Requirement ▸ Search the listing below for the line containing "The adhesive residue". From there through the line containing "2015年5月24日上午,应", transcribe every line exactly, both ends included.

Data for analysis ▸
'''
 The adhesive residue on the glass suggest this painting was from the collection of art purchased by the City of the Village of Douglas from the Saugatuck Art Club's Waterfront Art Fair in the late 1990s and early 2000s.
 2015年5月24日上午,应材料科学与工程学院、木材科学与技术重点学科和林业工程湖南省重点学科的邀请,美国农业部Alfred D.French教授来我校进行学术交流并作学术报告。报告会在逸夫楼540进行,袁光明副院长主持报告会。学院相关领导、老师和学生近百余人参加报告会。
'''
'''
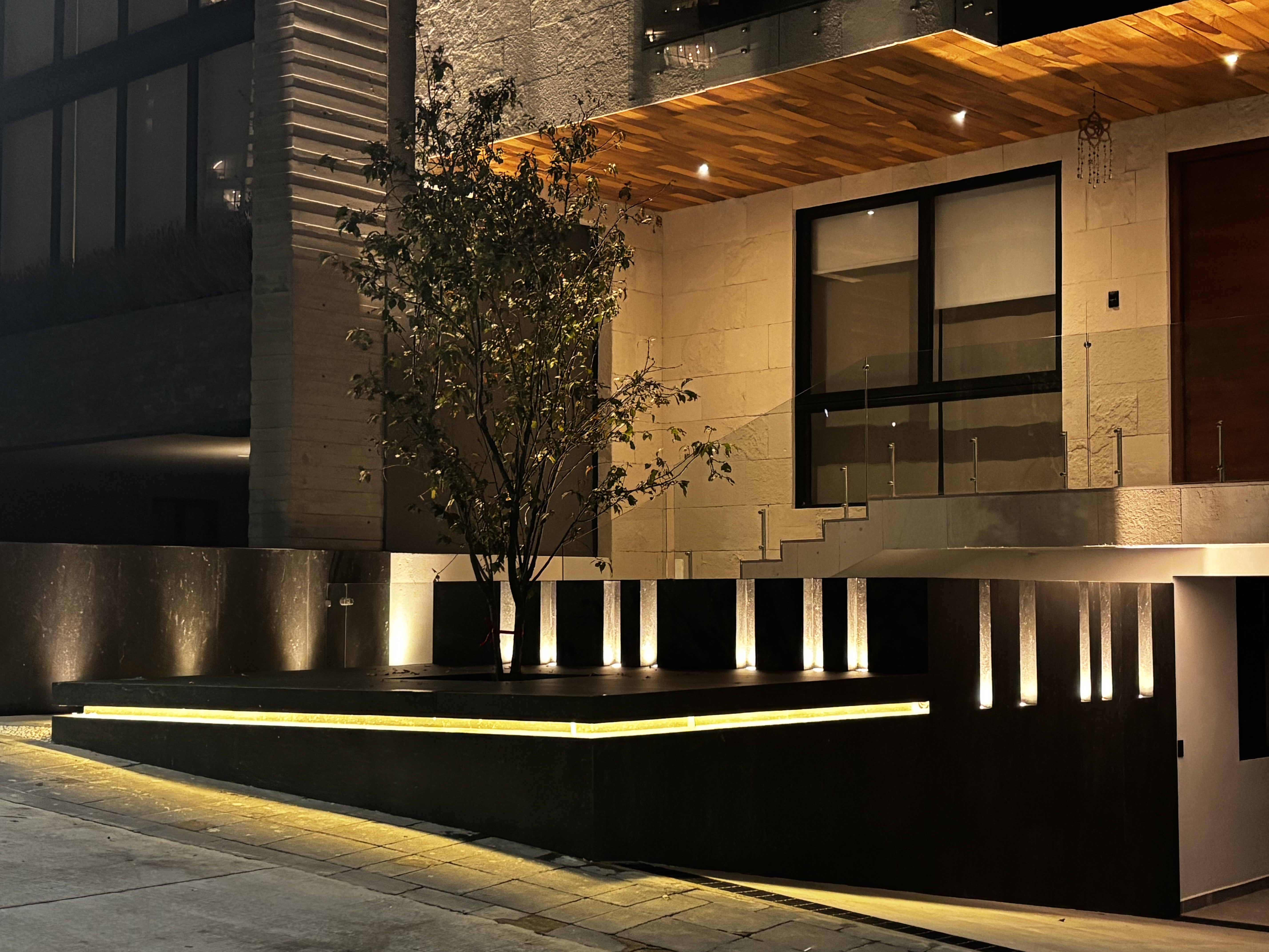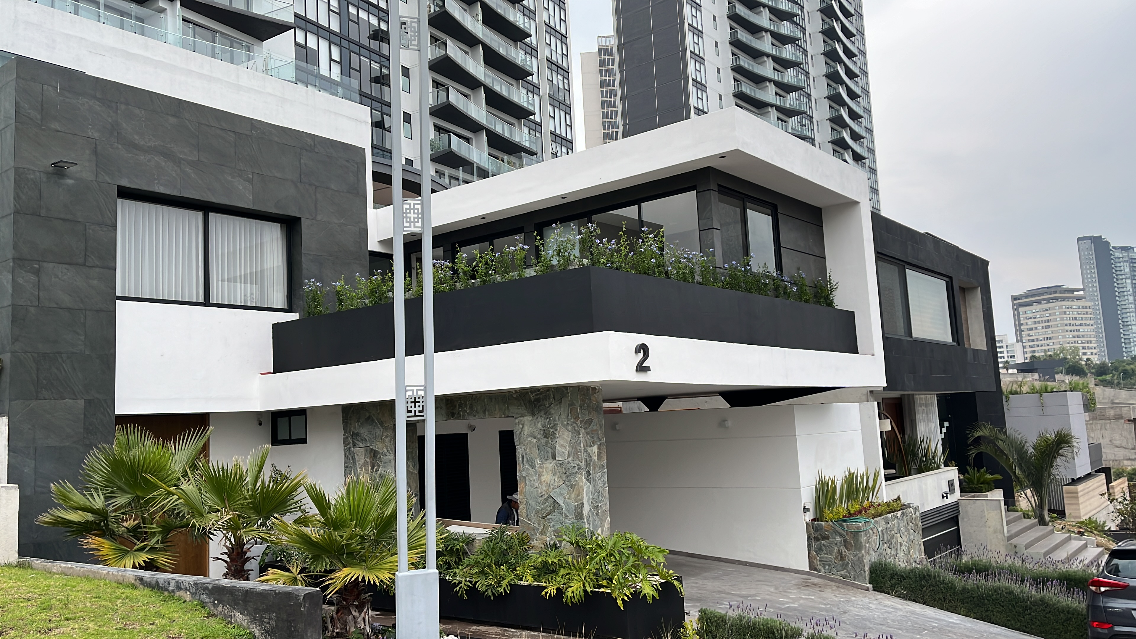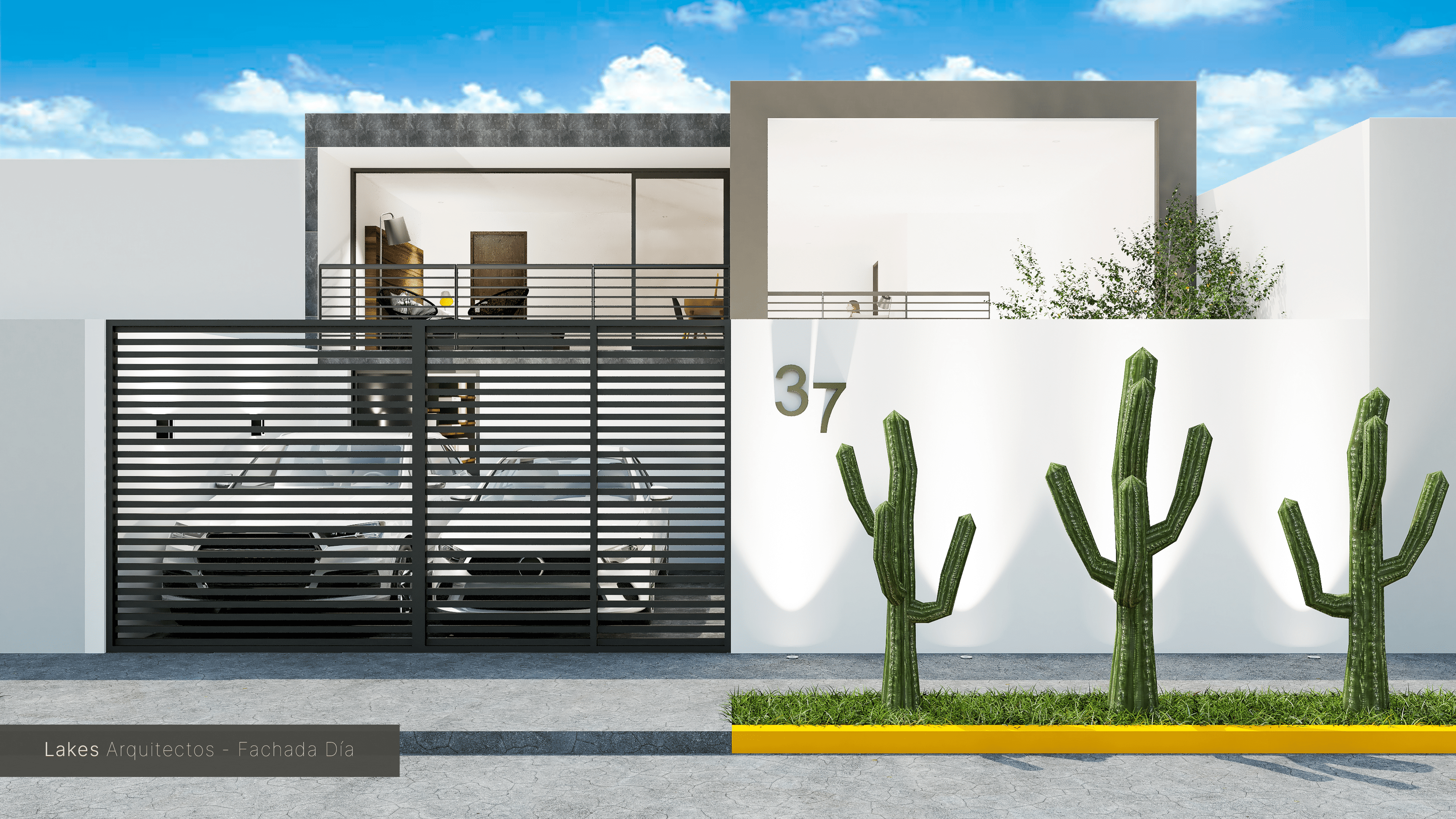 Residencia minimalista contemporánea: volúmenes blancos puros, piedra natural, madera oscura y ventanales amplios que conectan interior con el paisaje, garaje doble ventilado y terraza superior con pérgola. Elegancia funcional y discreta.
'''
'''
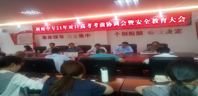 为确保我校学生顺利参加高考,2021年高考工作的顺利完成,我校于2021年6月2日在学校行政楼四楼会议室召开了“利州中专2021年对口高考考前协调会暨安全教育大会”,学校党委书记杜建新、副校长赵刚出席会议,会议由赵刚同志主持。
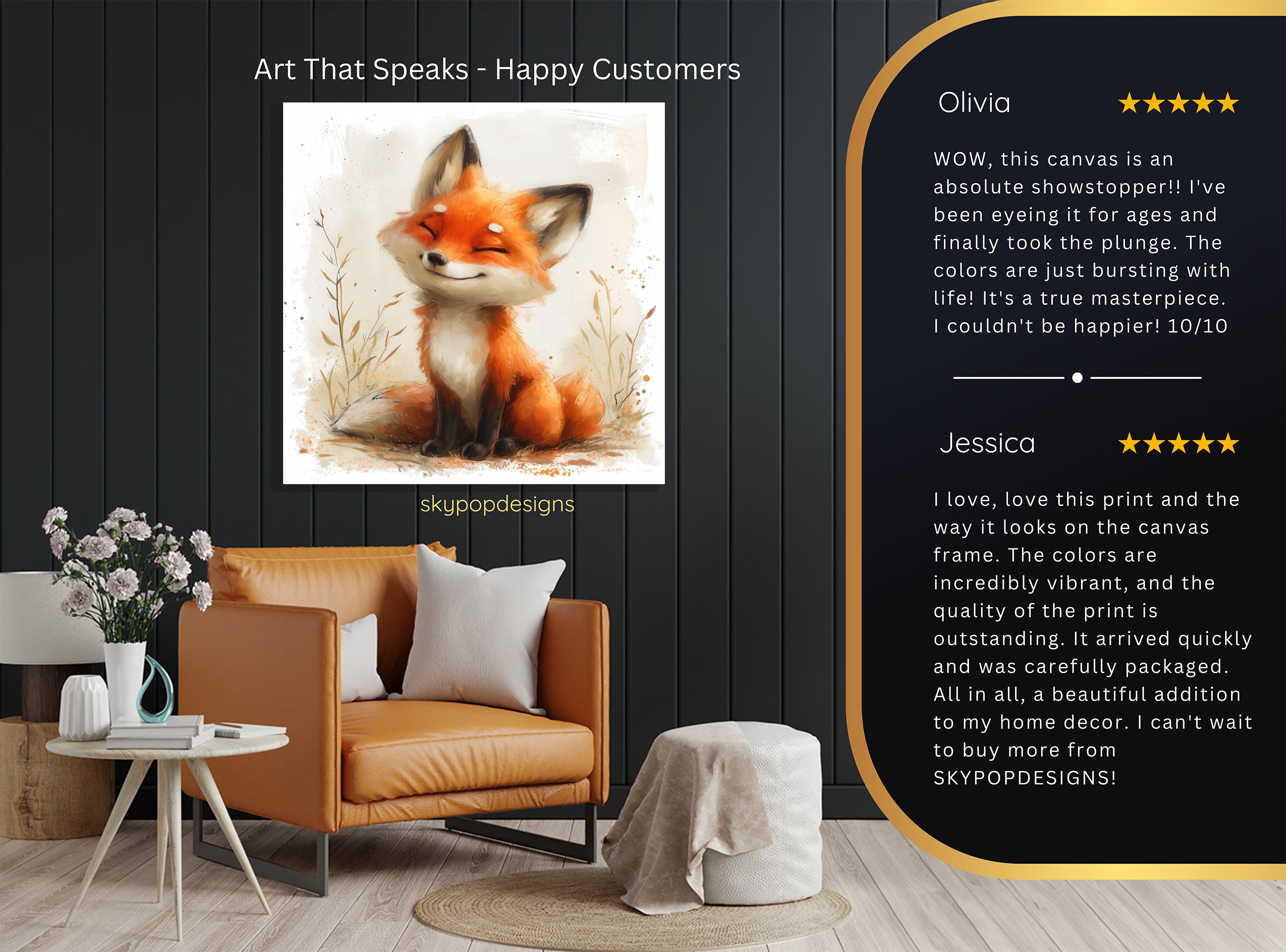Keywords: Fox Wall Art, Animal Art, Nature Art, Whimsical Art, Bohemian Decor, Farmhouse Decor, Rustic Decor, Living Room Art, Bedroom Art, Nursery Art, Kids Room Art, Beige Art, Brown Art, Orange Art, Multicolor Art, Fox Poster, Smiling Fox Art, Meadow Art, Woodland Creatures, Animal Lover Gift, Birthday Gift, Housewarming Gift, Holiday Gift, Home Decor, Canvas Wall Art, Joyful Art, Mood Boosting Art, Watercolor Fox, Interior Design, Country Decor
'''
Reply to the exercise ▸
 The adhesive residue on the glass suggest this painting was from the collection of art purchased by the City of the Village of Douglas from the Saugatuck Art Club's Waterfront Art Fair in the late 1990s and early 2000s.
 2015年5月24日上午,应材料科学与工程学院、木材科学与技术重点学科和林业工程湖南省重点学科的邀请,美国农业部Alfred D.French教授来我校进行学术交流并作学术报告。报告会在逸夫楼540进行,袁光明副院长主持报告会。学院相关领导、老师和学生近百余人参加报告会。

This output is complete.